On top of these challenges, of course, the natural question is: how can we fuse together physics information, which generally comes in the form of exact mathematical equations, with a data-driven model? Data-driven models are statistics-based, using fundamentally different representations for information compared to exact mathematical physics models. We can essentially say that the two approaches "speak different languages".
Background and Related Work
Multimodal Networks
Representing Multimodal Data
There are three main approaches to representing multimodal data, as highlighted by [Liang et al., 2024] (see figure 1).
- Multimodal data can be fused together into one single representation or at least fewer representations than the number of modalities. Fusion can happen early, directly on raw data, or later, after some uni-modal encoders have been applied to each modality.

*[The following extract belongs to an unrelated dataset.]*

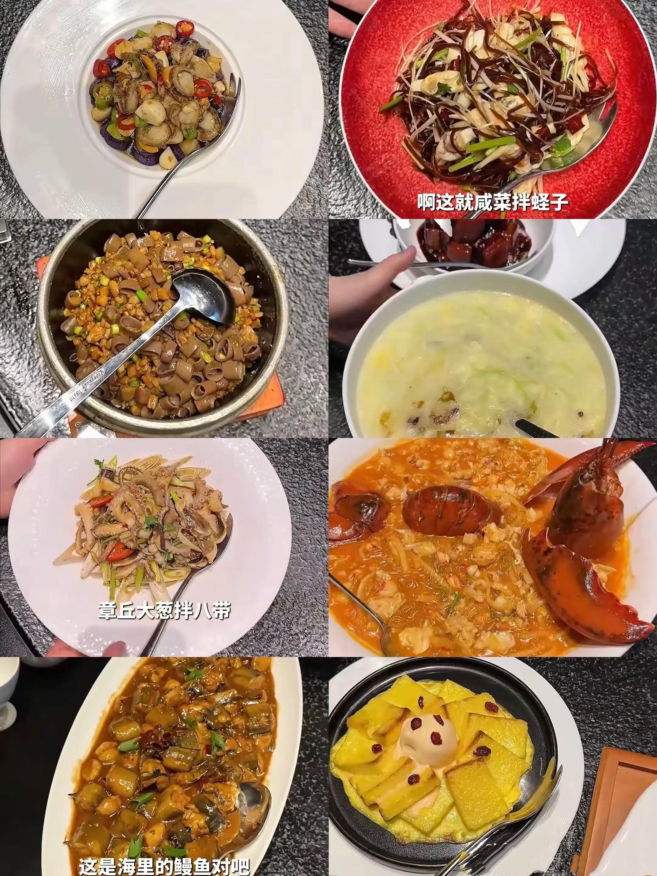 一家四口點了9個菜,每個菜都是當地的特色美食。海鮮湯、鹹菜拌蟶子、紅燒鰻魚、章丘大蔥拌蒜等等。菜量非常大,一家四口吃9個菜也是挺奢侈的,不得不說明星就是有錢。

- A second approach is building coordinated representations, with exactly one representation per modality, with the general goal of bringing semantically relevant data closer together in a coordinated space.
- Last but not least, another approach is representation fission, aimed at creating decoupled representations, a higher number of them than the number of input modalities, while separately representing shared, redundant information and modality-specific information.
Notable Multimodal Models
One popular model and training technique nowadays is OpenAI’s CLIP [Radford et al., 2021] (see figure 2). The key technique here is contrastive learning: given a set of images and the corresponding textual labels, a vision and a text encoder are jointly trained to achieve coordinated representations, with the embeddings of the matching image-text pairs being closer to each other than other pairs. CLIP not only achieves a zero-shot good performance on the ImageNet benchmark but also a much better performance than competitor models on the extended ImageNet test datasets (e.g., adversarial examples, drawings, sketches, etc.), proving that knowledge gained from textual data can be effectively transferred to a vision task and leads to a more robust model that generalizes well.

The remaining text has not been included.